Poverty, hunger, and conflict continue to hold the global population hostage from attaining the freedom and community that serve the welfare of all. To achieve social change, response to cultural diversity goes beyond tolerance, sensitivity, or competence to include effective partnership
VALUES: Abundance Thinking and Partnership in Diversity organize the interests, energies and intentions of diverse populations toward social change. Conviviality as social change not only serves the highest aspirations of the human family but is a global imperative for its well-being .
A Liberation Psychology makes a preferential option for the poor, but at the same time does not neglect the privileged who share the same social influences.
MISSION:
To address the deleterious effects of poverty on the mental-health of children and youth by serving as a pathfinding resource, through consultation and training, in envisioning Conviviality as Social Change.
Social Considerations
A consequence of the inequitable Social System, that we experience both nationally and globally, is division between the “entitled” (the “haves”) and the “disenfranchised” (the “have nots”). This experience is reinforced by culturally conditioned labels and stories.
The Growth of Poverty
According to a recent analysis of the 2005 Census, 16 million Americans are living in extreme poverty (defined as a single wage-earner earning $5000 a year or less.) This is 26% growth of the severely poor from 2000 to 2005. California has the highest number of people in extreme poverty (1.9 million). Most live in the Central Valley, where the depth of poverty is comparable to Appalachia. African Americans are 3x as likely to live in deep poverty than Whites; Hispanics are 2x as likely. The subsequent housing crisis and raise in gas prices drive that figure up even higher.

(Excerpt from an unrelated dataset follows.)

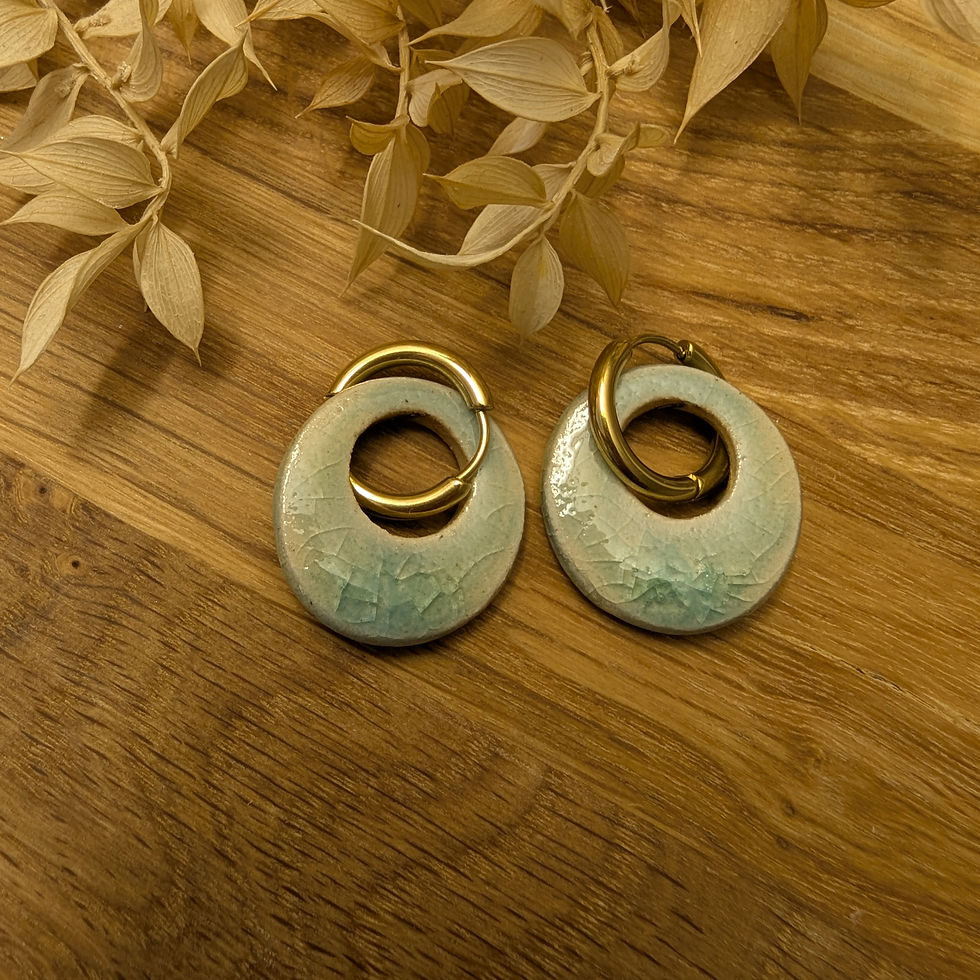 2 Stück Donut Anhänger grün mit Cracks (Creolen separat erhältlich)
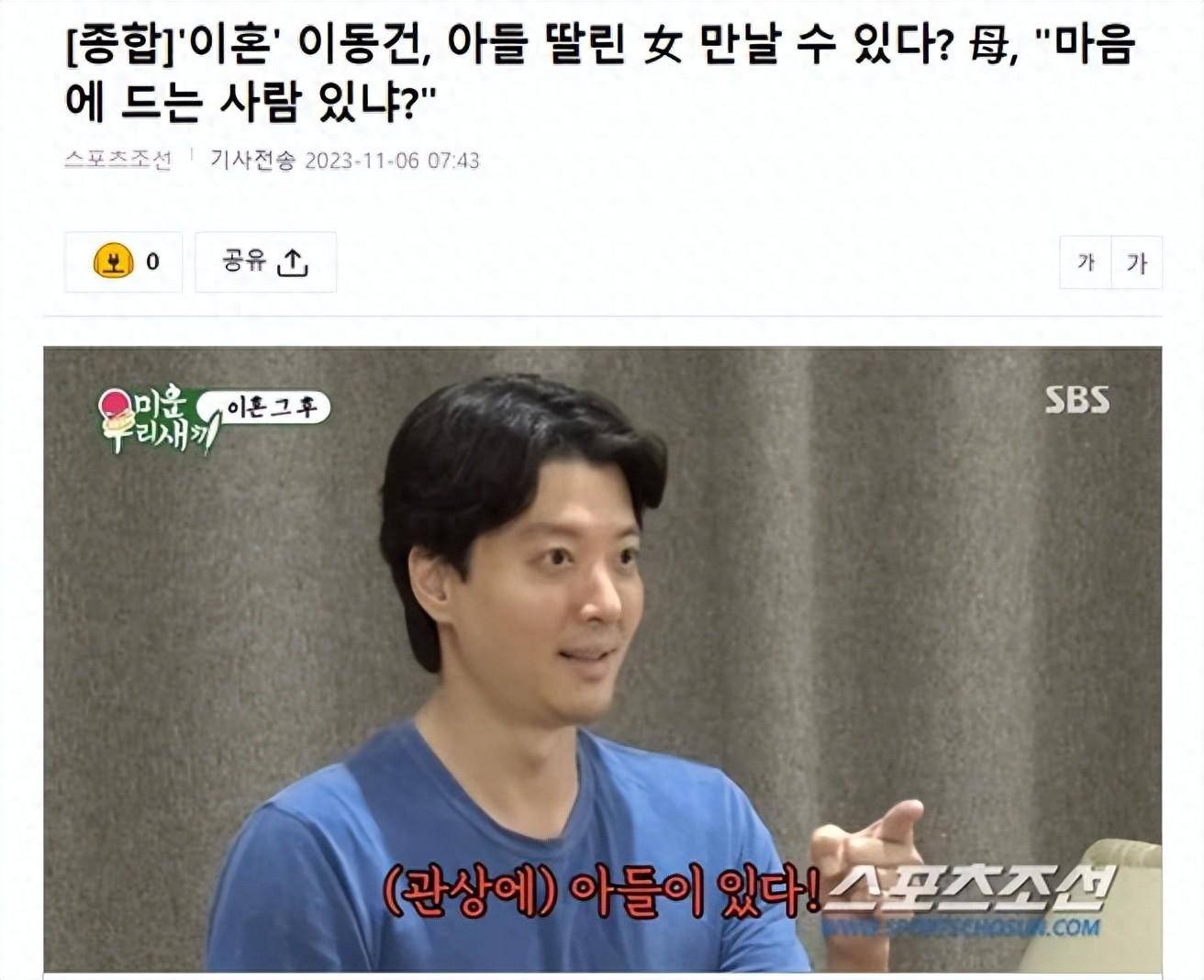 11月6日,有韩国媒体报道,在5日播出的SBS综艺节目《我家的熊孩子》中,作为新嘉宾加入节目的演员李东健坦诚地讲述了自己的感情生活。

Global Poverty continues to plague a significant number of people around the world. Over 1 billion people—1 in 6 people—live in extreme poverty, defined in global terms as living on less than $1 a day.
The Corrosive Effect of Poverty on the Mental Health
Poverty bankrupts the environment and inhibits the kind of healthy social and emotional development of children that fosters resiliency. Poverty limits resources so that those with severe psychiatric illness cannot get the help they need.1 “Untreated depression can make a poor person destitute.” Poverty engenders a social environment characterized by hopelessness and disenfranchisement, leading to substance abuse and violence. This occasions a deterioration of communities, neighborhoods, and, ultimately, families. Poverty deepens the chasm between social classes, with economic divisions often following racial lines, thereby reinforcing envy, conflict, and discrimination.
Intervention People dedicated to improving the mental-health condition of children and youth must take into account the associated social issues. They are additionally called to address social change in a way that alleviates the divisions that fragment society.